At present, cognitive dysfunctions are reported as one of the most dangerous consequences of Covid-19 infection in post-covid states (patients may suffer from symptoms of anxiety and impaired cognitive functions57,58). Patients’ EEG scans show a range of abnormalities in brain activity, including some rhythmic patterns and epileptic-like spikes in activity73. Therefore, we hope that our developed model and the results obtained can clarify the processes occurring in the body after Covid-19 infection.

Conclusion

We constructed spiking neuron network that communicates with astrocytes. For a certain choice of model parameters, the network demonstrated signals in the form of robust quasi-synchronous population bursts, which we treated as the basic or normal state of the network. The model takes into account astrocyte activation depending on the integrative level of neuronal firing and the astrocyte-to-neuron feedback that is based on the released gliotransmitter (glutamate), which facilitates group firing of neurons within the astrocyte territory. Following experimental facts, we assumed that infected astrocytes (in particular, infected by Covid-19) suffer from decreased gliotransmitter release. We accounted this fact by incorporating feedback that depends on the viral load.

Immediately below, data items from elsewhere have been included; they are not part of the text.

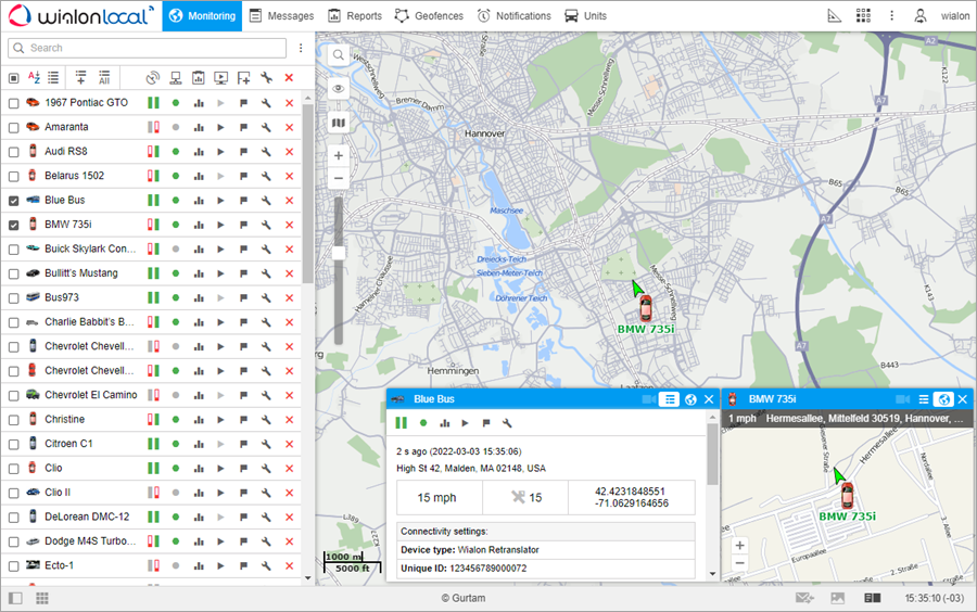 Double-click on the unit name in the work list of the Monitoring tab. In this case, the map centers on the selected unit.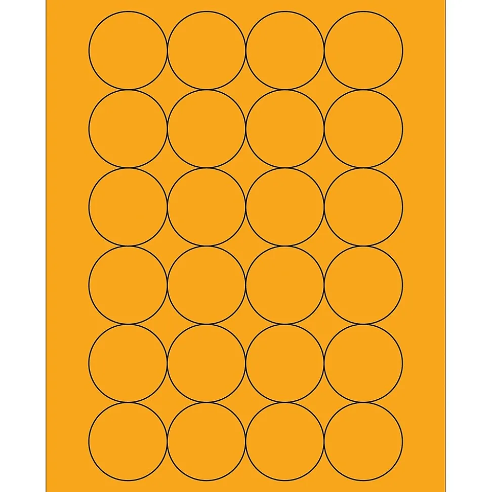 1 2/3″ Fluorescent Orange Circle Laser Labels. Use to create your own product or mailing labels. Labels work with both laser and ink jet printers. Permanent adhesive. Labels stick to a variety of smooth surfaces including paper, corrugated, plastic, wood, glass and metal.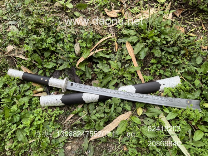 户撒刀名称:户撒阿昌刀高端纯银平头刀线乔发制作 户撒刀规格:刃长56cm左右 全长83cm左右 户撒刀简介:这款刀由户撒刀嫡派传人线乔发纯手工锻造,刀条采用特硬百炼花纹钢千锤百炼配方淬火而成,刚柔相济斩铁截钉,一体全龙骨锻造结实耐用,刀条表面手工雕刻唐草花纹,古香古色,刀鞘刀柄采用优质黑檀木手工制作,包厚99纯银配件,收藏实用皆可!
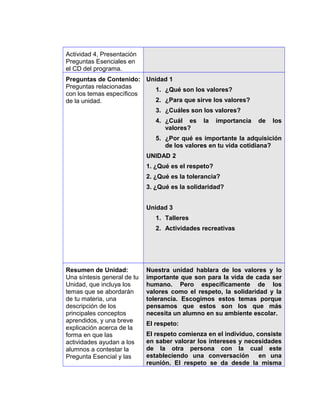 La unidad aborda los valores del respeto, la tolerancia y la solidaridad. Se realizarán actividades lúdicas como juegos y talleres para enseñar a los estudiantes sobre estos valores y su importancia en la vida cotidiana y en la convivencia escolar. El objetivo es que los estudiantes comprendan por qué es necesario conocer y aplicar estos valores en su entorno para tener una mejor interacción con los demás.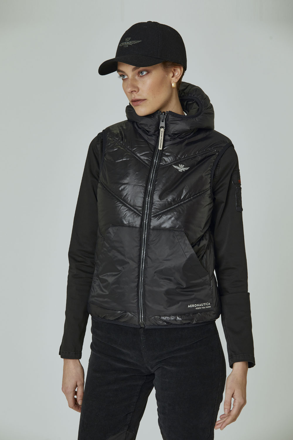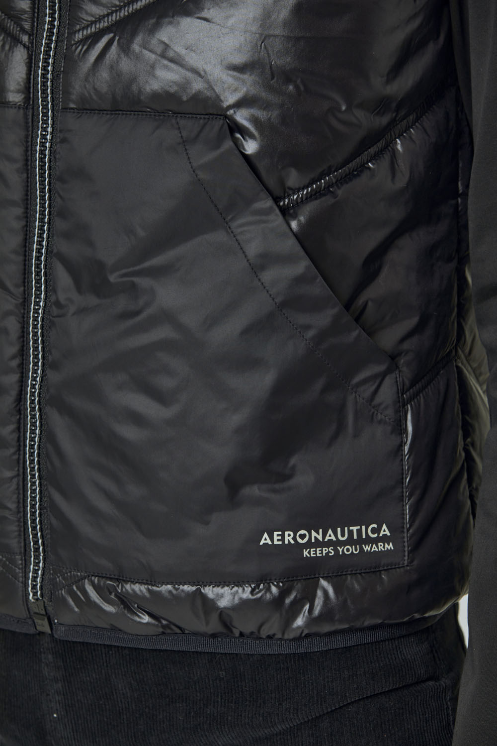 - Nylonová strana s reflexním potiskem "Aeronautica tě zahřeje" na přední kapse
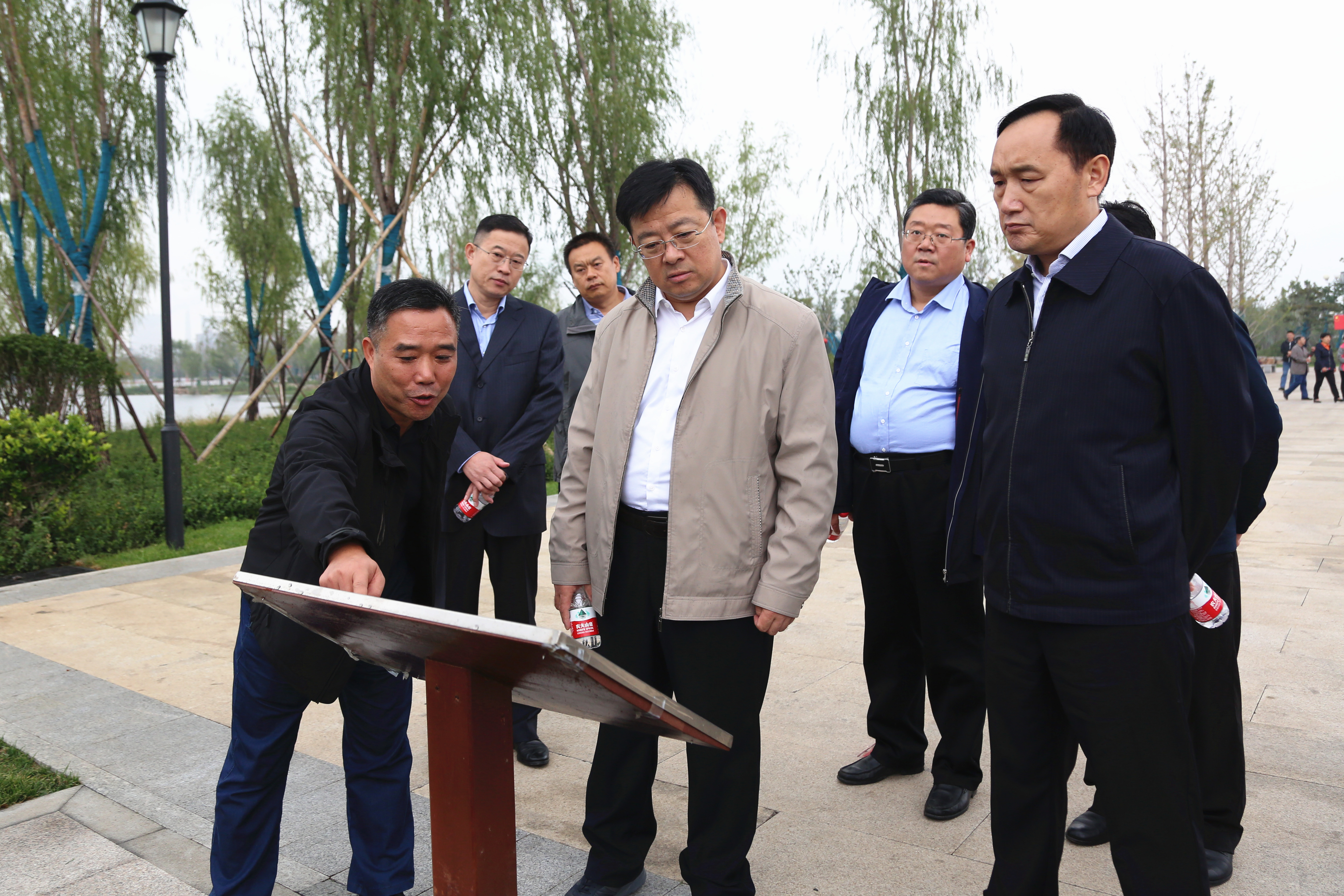 調(diào)研過程中,程德智實地察看了華山歷史文化濕地公園的建設(shè)和運營管理情況,聽取了相關(guān)負責同志關(guān)于園區(qū)建設(shè)管理、后續(xù)配套提升等方面的工作匯報。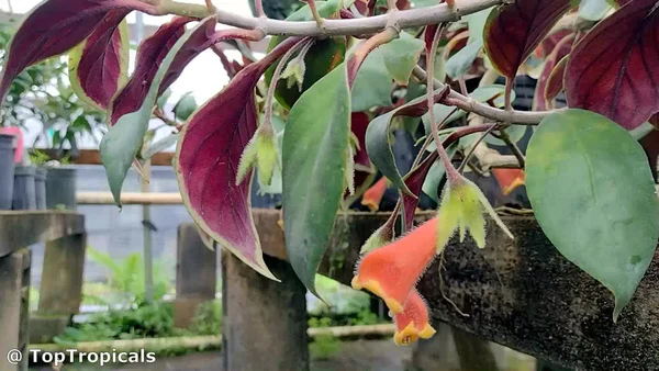 Nematanthus Bijou is a cross between N. wettsteinii x N. fritschii. The variety Bijou has extremely ornamental leaves with bright mauve underneath. Nice large pendent flowers much like N. crassifolius and N. corticola. Plants are easy to care for, drought resistant, and, with proper care, can bloom all year. The variety Bijou has extremely ornamental leaves with bright mauve underneath. Plants are easy to care for, drought-resistant, and, with proper care, can bloom all year. Tolerates filtered light, perfect houseplant!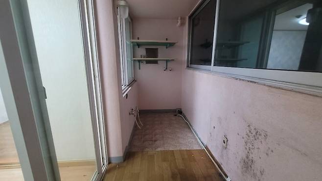 뒷베란다는 곰팡이가 있었어요. 같은 위치에 수납장이 있었어서, 그럴 수도 있다고 하더라고요.
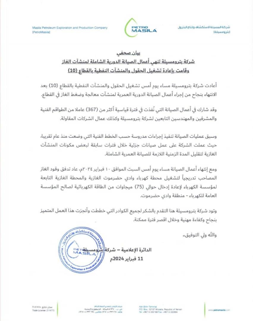 الرئيسية/الأخبار المحلية/بيان صحفي : شركة بترومسيلة تنهي اعمال الصيانه الدوريه لمنشآت الغاز وقامت بإعادة تشغيل الحقول والمنشآت النفطيه بالقطاع (١٠) بيان صحفي : شركة بترومسيلة تنهي اعمال الصيانه الدوريه لمنشآت الغاز وقامت بإعادة تشغيل الحقول والمنشآت النفطيه بالقطاع (١٠)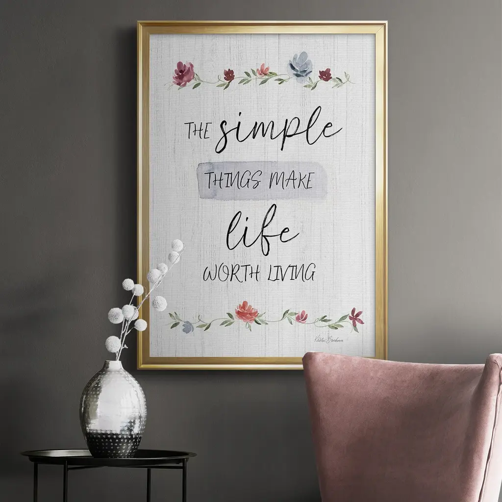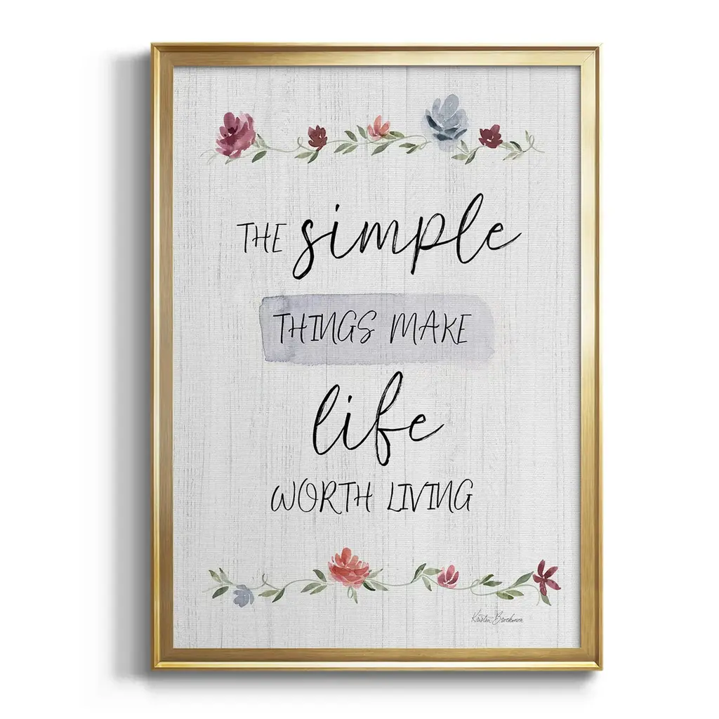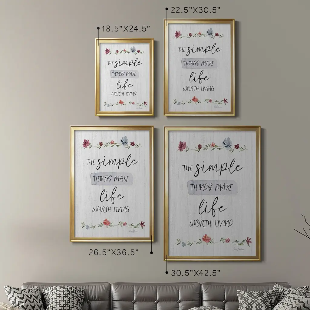 The Simple Things Premium Framed Print - Ready to Hang A Premium Framed Print created to last. Framed in distressed wood and available in an array of sizes and colors Featuring a beveled a solid wood stretcher bar, each piece comes ready to hand 4 SIZES AVAILABLE 30.5''X42.5'' - Overall Size 26.5'X36.5'' - Overall Size 22.5''x30.5'' - Overall Size 18.5''x24.5'' - Overall Size Each piece is made to order. Each piece comes with hanging hardware. Made in the USA Ready to Hang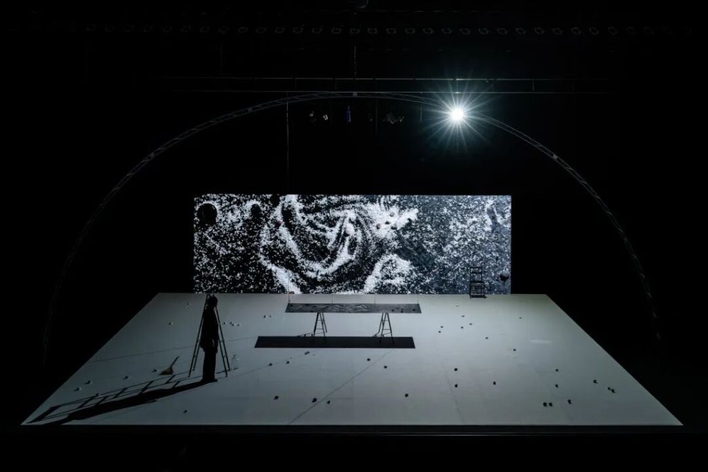 《切線》匯聚了日本媒體藝術(shù)家高谷史郎三十年來(lái)在裝置藝術(shù)、戲劇和現(xiàn)代舞蹈領(lǐng)域的跨界藝術(shù)探索,旨在開(kāi)創(chuàng)當(dāng)代舞臺(tái)藝術(shù)的全新表現(xiàn)形式。作品以“閾值空間”為主題,深入探討現(xiàn)實(shí)與超現(xiàn)實(shí)之間的感知邊界,通過(guò)精密的光影設(shè)計(jì)與聲場(chǎng)構(gòu)建,創(chuàng)造了一個(gè)獨(dú)特的知覺(jué)場(chǎng)域,重新定義“可見(jiàn)性”和“不可見(jiàn)性”的認(rèn)知邊界,引領(lǐng)觀眾進(jìn)入一個(gè)超越日常的藝術(shù)世界。

Next, the model predicted qualitative changes in neuronal network firing depending on the strength of the feedback. We found that network coherence, such as the level of synchronization in population bursts, significantly suffered from virus infection. Interestingly, intervals of pathological signalling, such as asynchronous firing, alternated with stages of self-recovered “normal” population burst dynamics. Furthermore, there was direct correlation between the level of viral load and the durations of pathological signaling intervals.